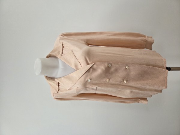 NINA RICCI BOUTIQUE. Chemisier façon veste en soie façonnée saumon à double boutonnage.Taille estimée 38. Traces d'usure.
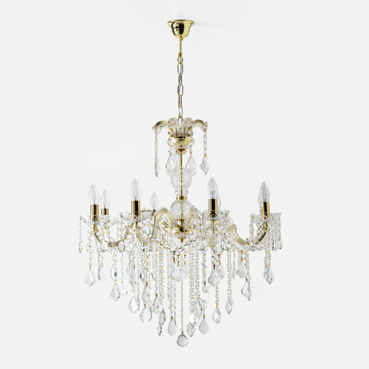 - Moc światła w sam raz na bal – 8 żarówek potrafi oświetlić przestronny salon lub jadalnię, rozjaśniając każdy kąt pomieszczenia. Lampa ma aż 100 cm średnicy.
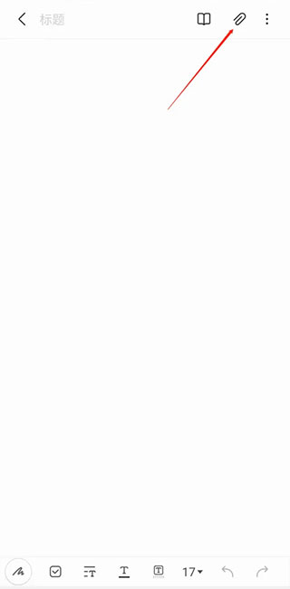 新建笔记后,点击右上角回形针形状的附件按钮。
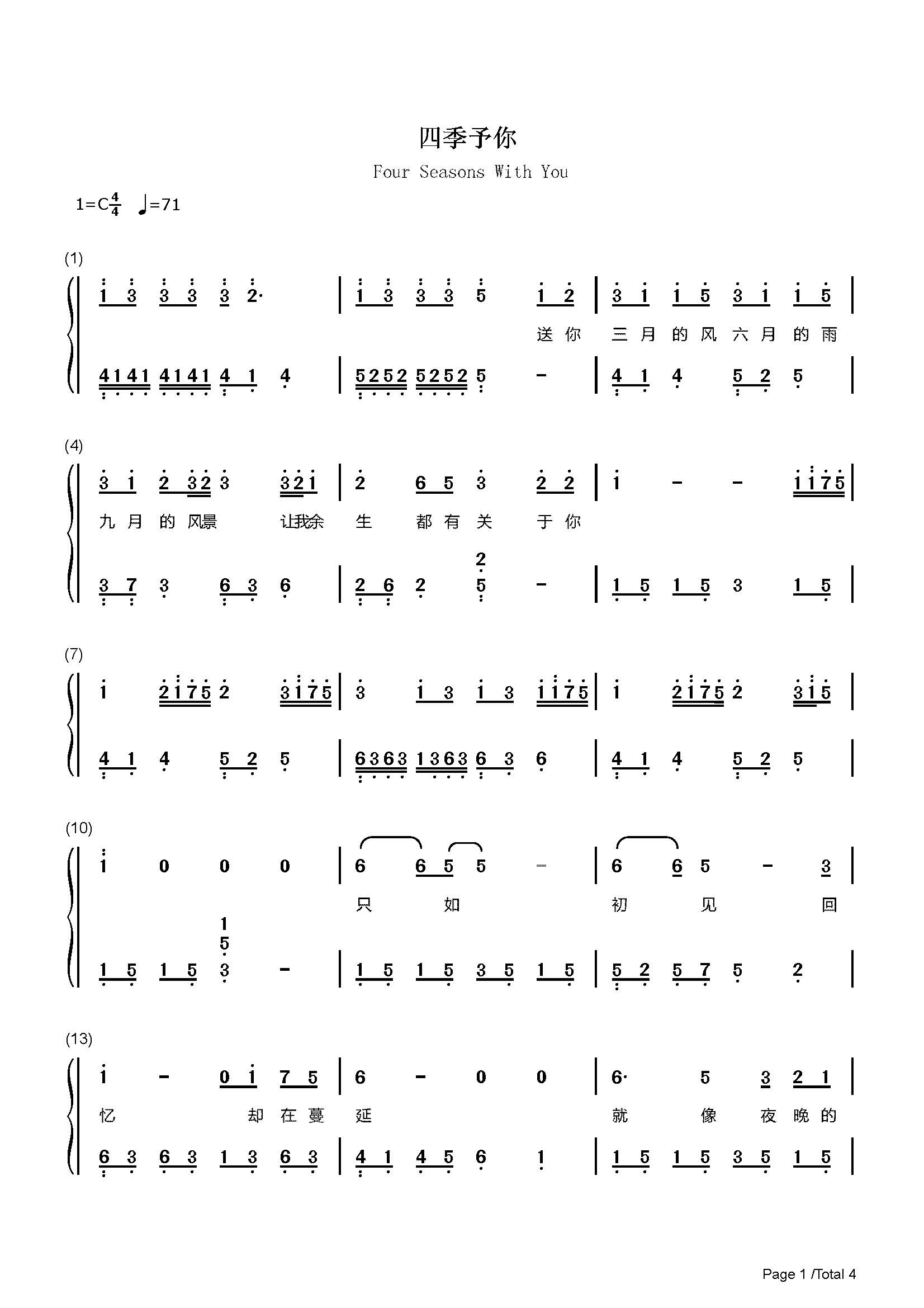 四季予你-送你三月的风六月的雨九月的风景-抖音热歌五线谱预览1-钢琴
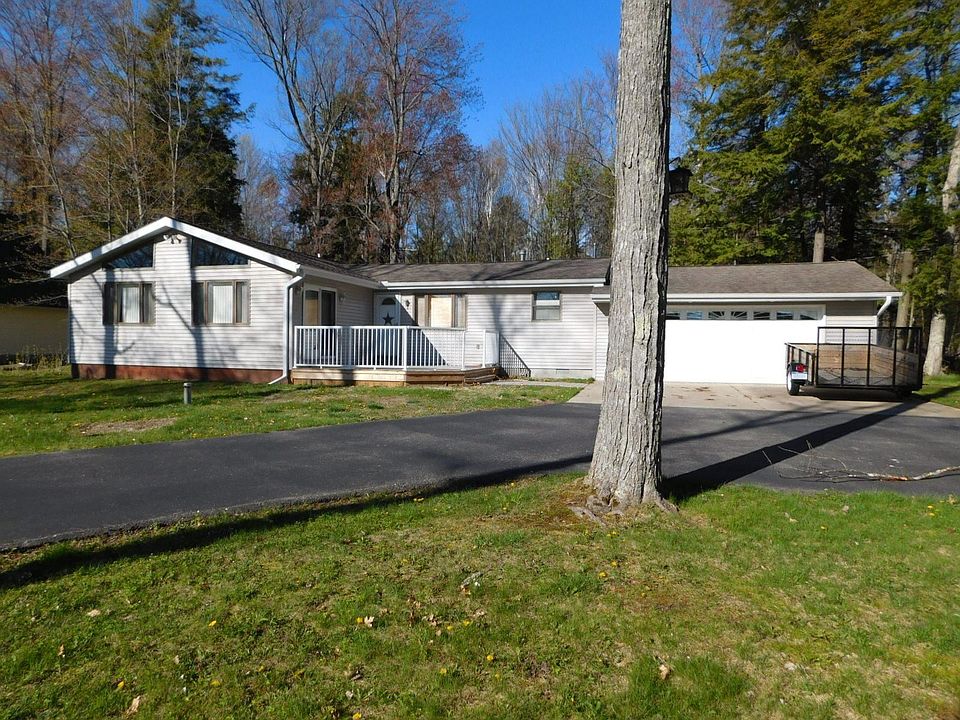 This Beautiful home is just steps away from the shared deeded lake access on Lake Margrethe. It boasts many great interior features such as knotty pine, hardwood floors and ceramic tiled floors, fireplace, also has updated kitchen with modern appeal. Nice blacktop drive with driveway lights that lead up to the 2 car garage. Back of the garage has drive thru doors, perfect for the golf cart. This home would be a great full time residence or your get away to peace and quiet that the area has to offer.
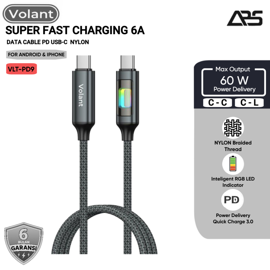 FLASH SALE VOLANT Kabel Data Fast Charging 6A 60W Kabel Charger TYPE C To C Lightning Anti Kusut USB to C 1.2M VLTPD9 Data Cable
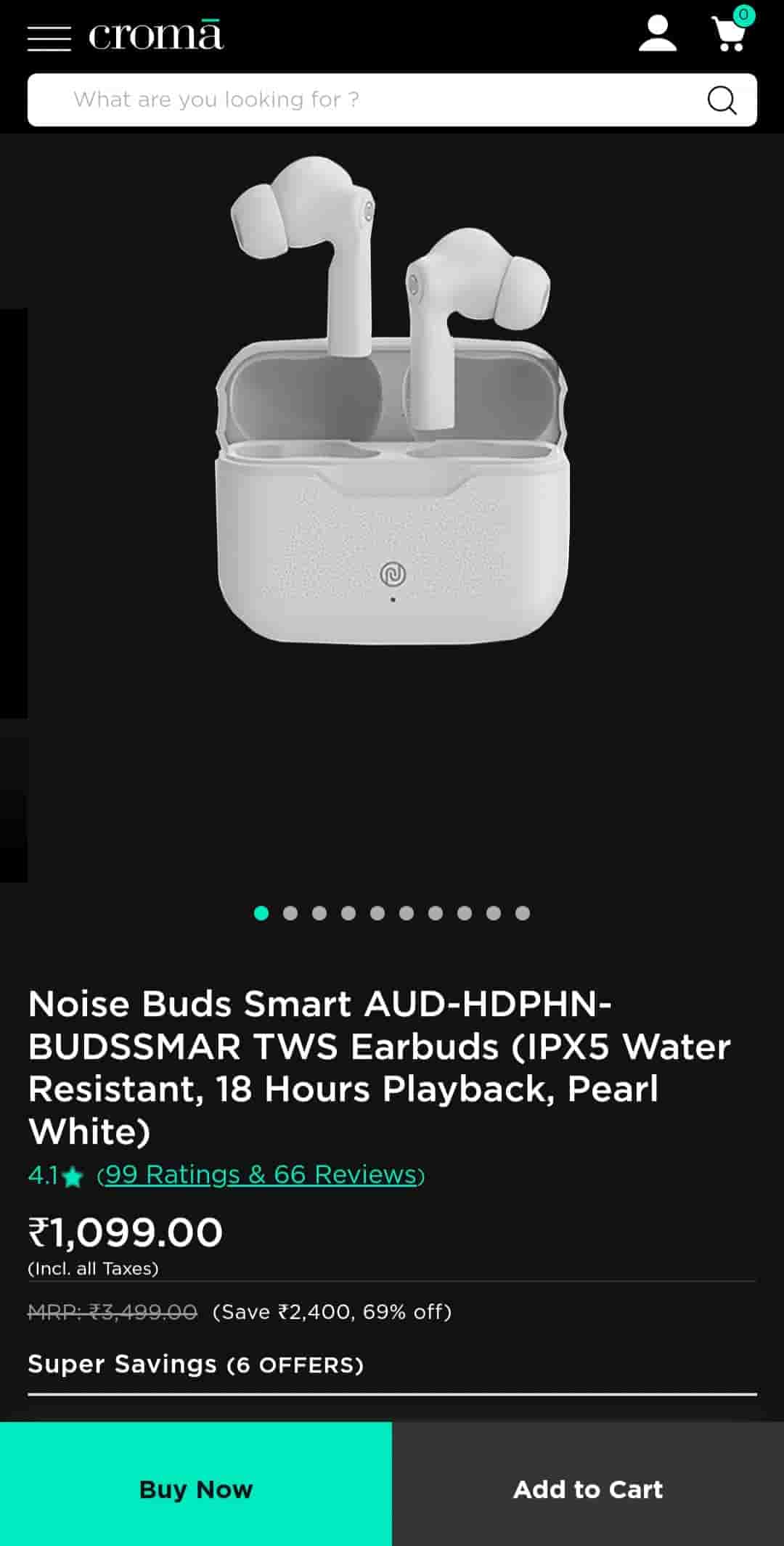 Noise Buds Smart TWS is available at a price of ₹1,099.00 with a massive discount of 69% off. The purchase saves you a sum of ₹2,400 as the previous price of the product was ₹3,499.00.
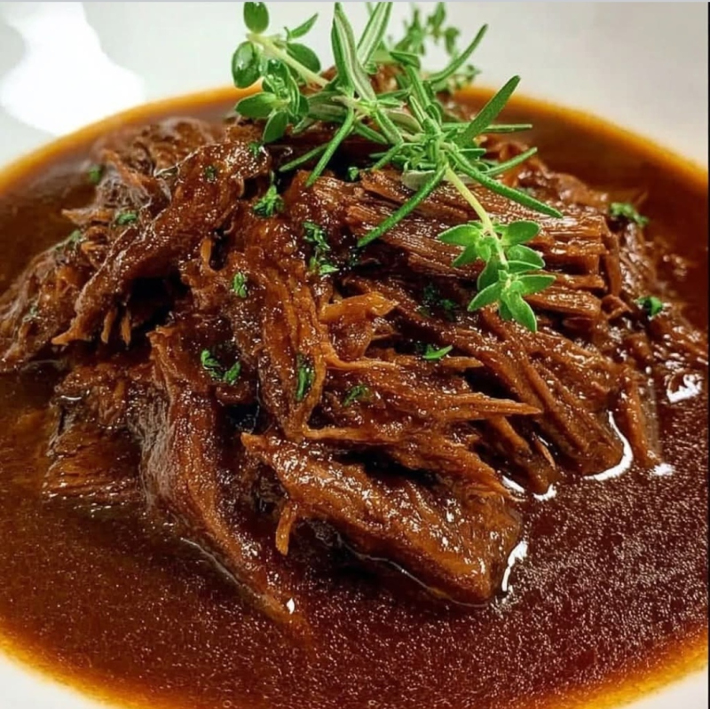 Shred the meat using 2 forks and let the sauce thicken for 10 minutes.
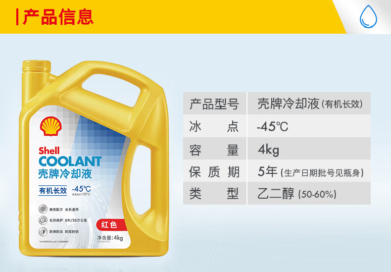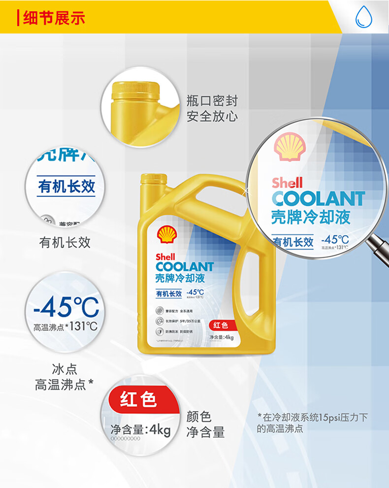 壳牌(Shell)长效冷却防冻液水箱宝 -45℃ 4kg 养车保养
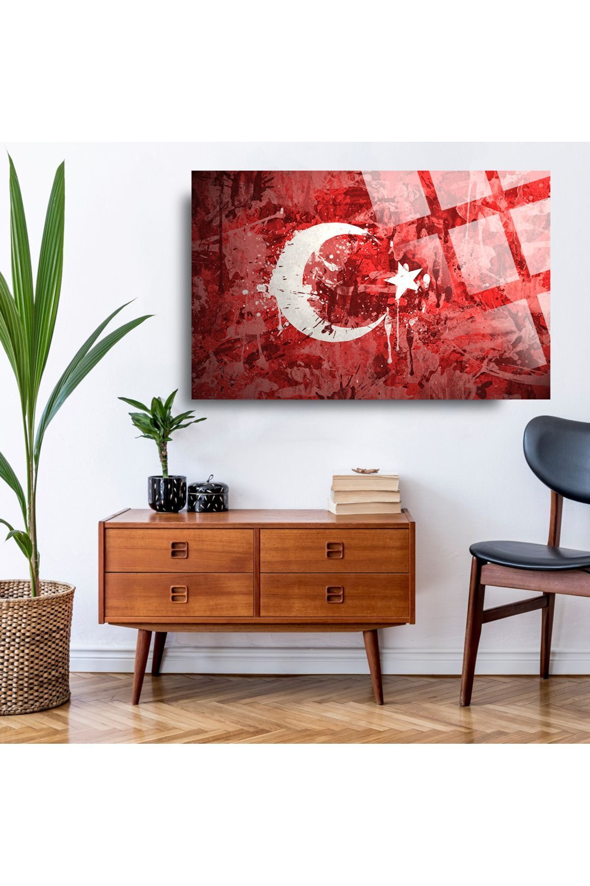 Türk Bayrağı 8 Ev Ofis Okul İçin 4mm Kırılmaz Temperli Yüksek Çözünürlüklü Cam Tablo beyaz
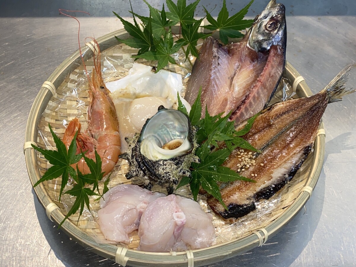 魚は産地直送で新鮮さが売りです。無煙ロースターで焼きながらお召し上がりください。(食材はその日の仕入により異なります。)
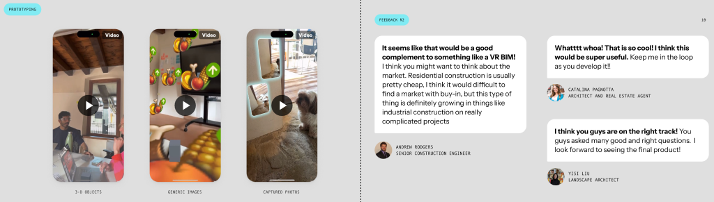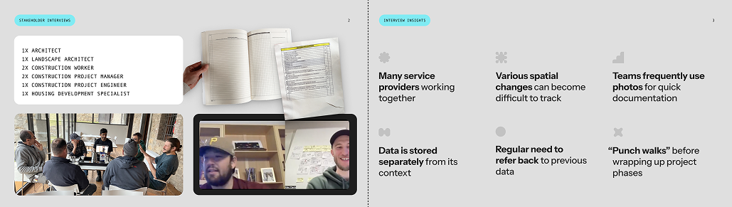 Why: The idea emerged from conversations with a range of people in the construction industry — from engineering managers and architects to builders on site. The team discovered that plans frequently shift, and project leaders often rely on historical context to make decisions. Existing workflows either involved very manual methods, like weekly photo-walks and spreadsheets, or expensive, high-end tools. While many workers were hesitant to adopt new technology, one common behavior stood out: sending progress photos via mobile phones. Some tradespeople even physically mark their work areas using colored tape or ribbons.
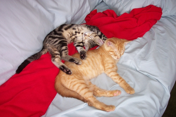 Now, living in NYC, I have two indoor cats - Tigger and Tad. They're both male and were also fixed pretty recently. We were getting a bit worried a couple of weeks before the operation because their little penises were occasionally poking out when they were licking themselves, and they were almost 6 months old. Luckily no spraying got started.
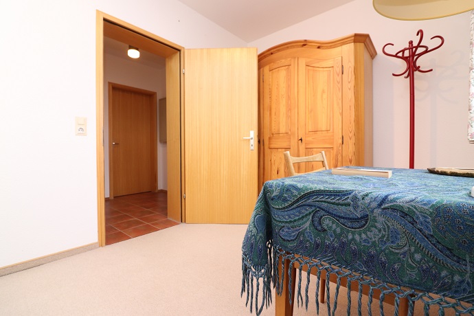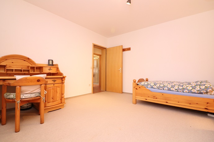 Vom Eingangsbereich/Flur gelangt man in das Untergeschoß welches über 3 weitere Schlafzimmer verfügt. Diese sind jeweils mit einem Einzelbett und Schrank, sowie in 2 der 3 Schlafzimmer mit einem Schreibtisch und Stuhl möbliert.
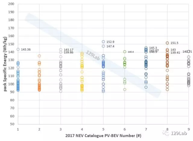 下圖是每批NEV目錄中對(duì)應(yīng)PV-BEV的電池包比能量(Wh/kg)數(shù)據(jù)(這里面絕大多數(shù)都是NMC材料,少量是LFP材料和LMO材料,這里不區(qū)分材料,僅看最終的電池包數(shù)據(jù))。從圖中可以看到,所有第1-9批目錄中的BEV乘用車(chē)PV的電池包比能量都>90Wh/kg。從數(shù)據(jù)點(diǎn)分布疏密粗略地看,介于90-100Wh/kg的數(shù)量在后面幾批目錄中逐漸減少,而分布在100-110Wh/kg和120-130Wh/kg的數(shù)量明顯居多?!?40Wh/kg的數(shù)據(jù)已經(jīng)在圖中標(biāo)示出來(lái),這部分占比目前還不高。而最高的比能量已經(jīng)達(dá)到了152Wh/kg水平。
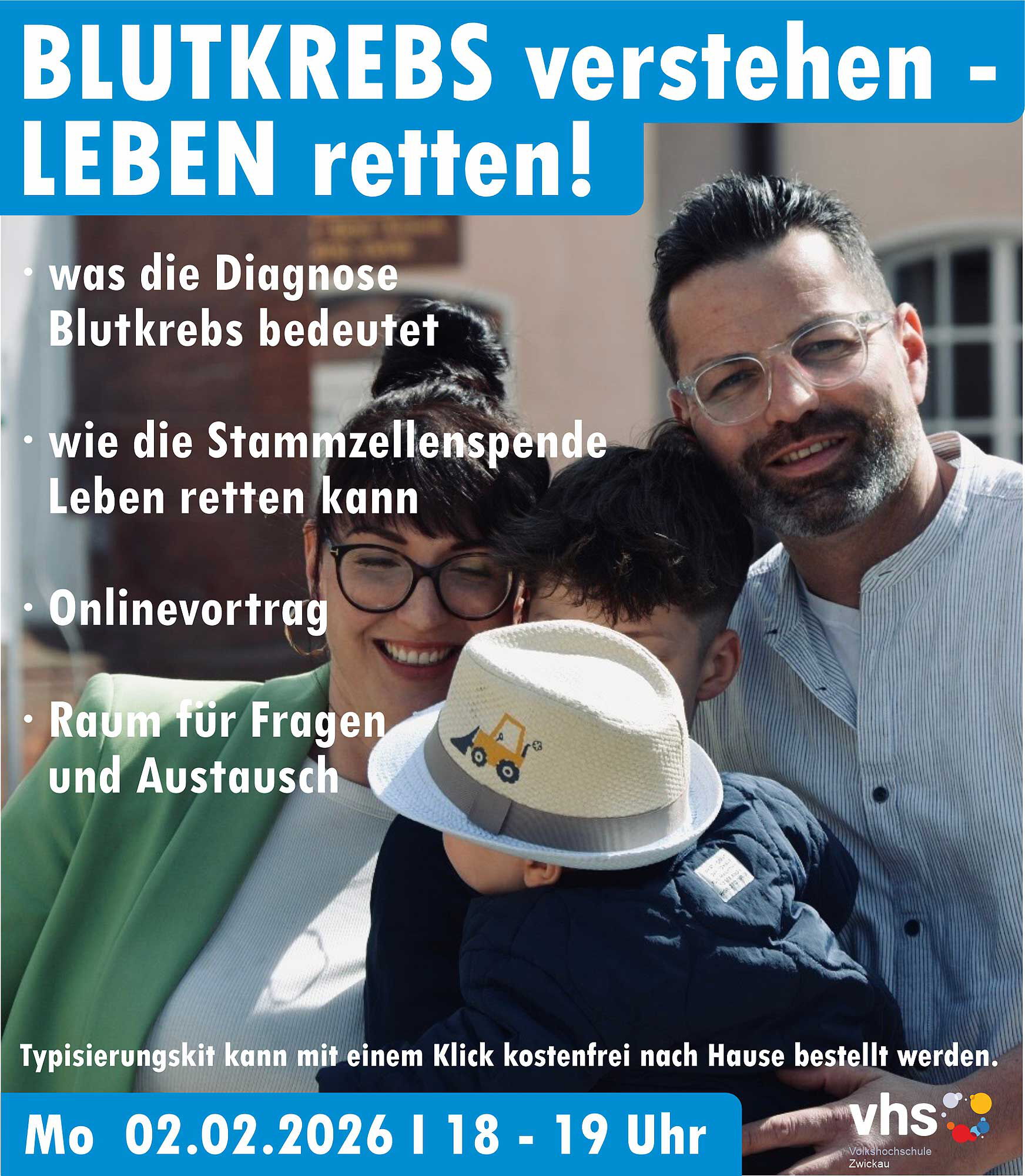 Der Onlinevortrag der Volkshochschule Zwickau erklärt verständlich, was hinter der Erkrankung steckt, wie eine Typisierung abläuft und warum jede Registrierung Hoffnung schenken kann. Im Anschluss gibt es Raum für Fragen und persönlichen Austausch. Außerdem kann online unkompliziert ein Typisierungskit bestellt werden.

▸ Task item
Print exactly the lines running from the start of the entries above to the line with "四季予你-送你三月的风六月的雨九月的风景-抖音热歌五线谱预览1-钢琴", both included; leave out any pictures.

▸ Exercise answer
 NINA RICCI BOUTIQUE. Chemisier façon veste en soie façonnée saumon à double boutonnage.Taille estimée 38. Traces d'usure.
 - Moc światła w sam raz na bal – 8 żarówek potrafi oświetlić przestronny salon lub jadalnię, rozjaśniając każdy kąt pomieszczenia. Lampa ma aż 100 cm średnicy.
 新建笔记后,点击右上角回形针形状的附件按钮。
 四季予你-送你三月的风六月的雨九月的风景-抖音热歌五线谱预览1-钢琴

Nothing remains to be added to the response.